**YOUR OBJECTIVE**
Pictures stay out; everything else in the records gets transcribed exactly.

**INPUT**
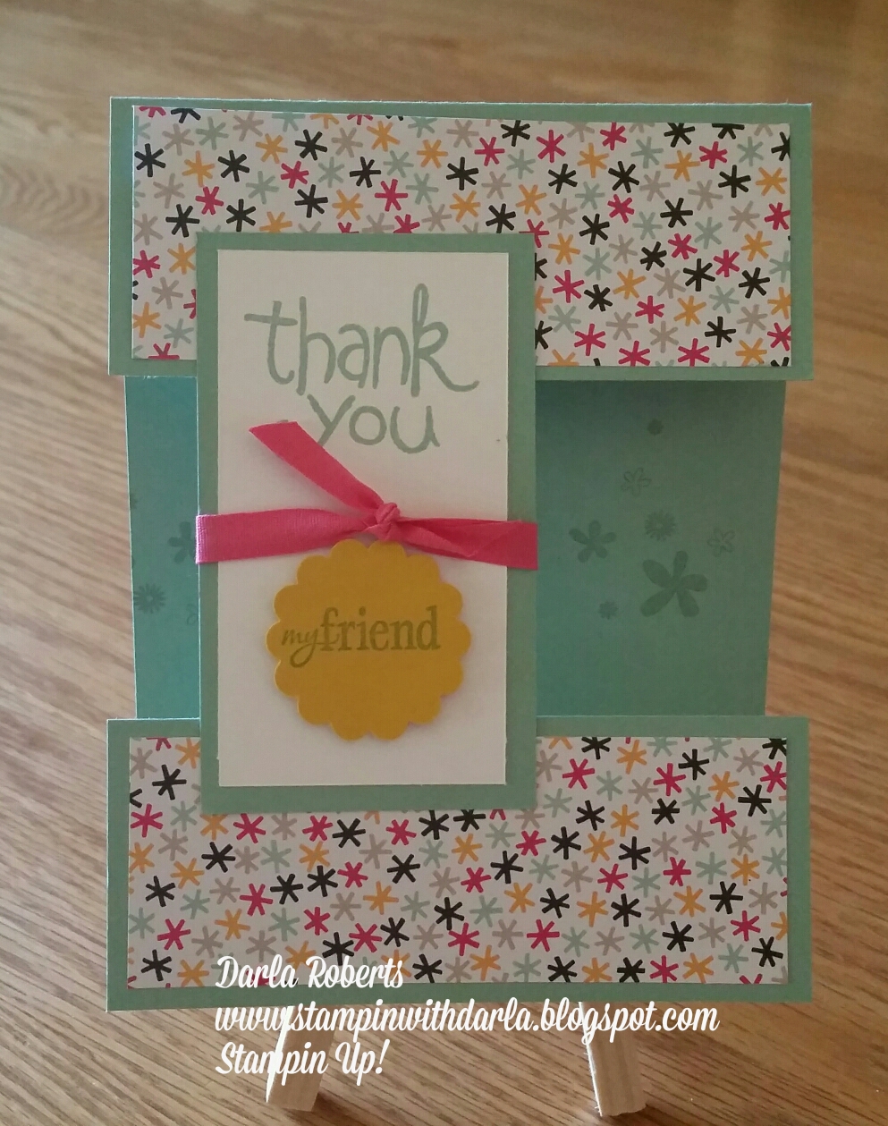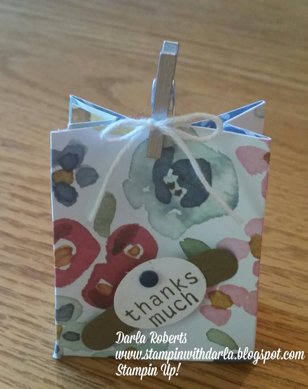 Over on the SSInkspiration Design Team Blog today were featuring projects but cards. We were challenged to create something other than a card. So, I decided I would create this cute little bag to use as my thank you gift for the people that rsvp to my upcoming card class! Love projects like this. Just change up the paper and sentiment it becomes an any occasion idea. I love watching videos and this one came from Pootles in the UK. So, excited I will get to meet her soon on the Grand Vacation trip that I earned to the Med. Cruise!!
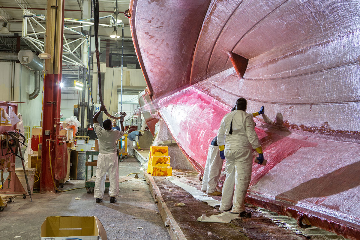 Just like at Piper and Triumph, there is no conveyer-belt type assembly line at Pursuit. Workers who specialize in different parts of construction in progress move boats along on dollies to work stations from molds for hulls to fiberglass to paint shop areas in Pursuit’s 250,000 square feet of manufacturing space.
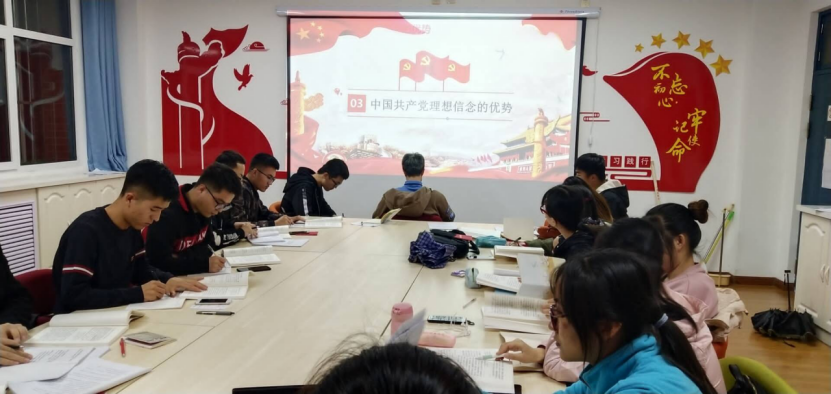 王娅茹同志只要从三个方面坚定地理想信念、理想信念的特点、坚定理想信念的优势进行讲解。理想是对未来事物的美好想象和希望。理想作为一种思想意识,是一个人的政治立场、世界观和人生观的集中表现;信念是指人们对现存的或可能的事物、观念等的正确性和正义性的坚定不移的确信和笃信;信仰是人对人生观、价值观和世界观等的选择和持有。是对某种主张、主义、宗教或某人极其相信和尊敬。让大家明白理想、信念、信仰的概念。随后,王亚茹同志提出两个问题:1.什么是共产党人的理想信念?坚定的理想信念是共产党人安身立命的根本。共产党人的理想信念就是对马克思主义的信仰,对社会主义和共产主义的信念。2、为什么要坚定理想信念?习近平总书记指出:“坚定理想信念,坚守共产党人精神追求,始终是共产党人安身立命的根本。理想信念就是共产党人精神上的钙,没有理想信念,理想信念不坚定,精神上就会缺钙,就会得软骨病。”
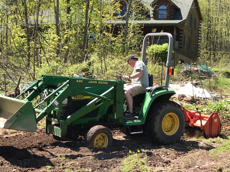 The only thing better than a good friend is a good friend with a tractor. We had a small window last week where the patch was almost dry. My good friend TC was willing to take his new tractor thru town and to my house for some tilling practice. Thank you Tom !!!!
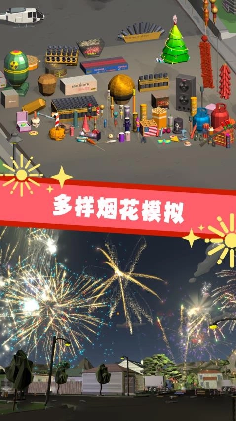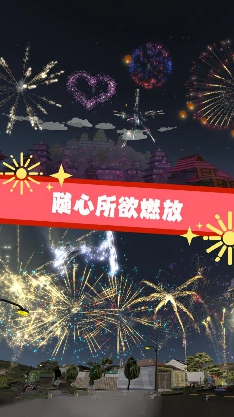 5. 配备了多样的烟花素材与特效,玩家能够依照自身的偏好打造出各类璀璨耀眼的烟花秀

**SOLUTION TO THIS TASK**
 Over on the SSInkspiration Design Team Blog today were featuring projects but cards. We were challenged to create something other than a card. So, I decided I would create this cute little bag to use as my thank you gift for the people that rsvp to my upcoming card class! Love projects like this. Just change up the paper and sentiment it becomes an any occasion idea. I love watching videos and this one came from Pootles in the UK. So, excited I will get to meet her soon on the Grand Vacation trip that I earned to the Med. Cruise!!
 Just like at Piper and Triumph, there is no conveyer-belt type assembly line at Pursuit. Workers who specialize in different parts of construction in progress move boats along on dollies to work stations from molds for hulls to fiberglass to paint shop areas in Pursuit’s 250,000 square feet of manufacturing space.
 王娅茹同志只要从三个方面坚定地理想信念、理想信念的特点、坚定理想信念的优势进行讲解。理想是对未来事物的美好想象和希望。理想作为一种思想意识,是一个人的政治立场、世界观和人生观的集中表现;信念是指人们对现存的或可能的事物、观念等的正确性和正义性的坚定不移的确信和笃信;信仰是人对人生观、价值观和世界观等的选择和持有。是对某种主张、主义、宗教或某人极其相信和尊敬。让大家明白理想、信念、信仰的概念。随后,王亚茹同志提出两个问题:1.什么是共产党人的理想信念?坚定的理想信念是共产党人安身立命的根本。共产党人的理想信念就是对马克思主义的信仰,对社会主义和共产主义的信念。2、为什么要坚定理想信念?习近平总书记指出:“坚定理想信念,坚守共产党人精神追求,始终是共产党人安身立命的根本。理想信念就是共产党人精神上的钙,没有理想信念,理想信念不坚定,精神上就会缺钙,就会得软骨病。”
 The only thing better than a good friend is a good friend with a tractor. We had a small window last week where the patch was almost dry. My good friend TC was willing to take his new tractor thru town and to my house for some tilling practice. Thank you Tom !!!!
 5. 配备了多样的烟花素材与特效,玩家能够依照自身的偏好打造出各类璀璨耀眼的烟花秀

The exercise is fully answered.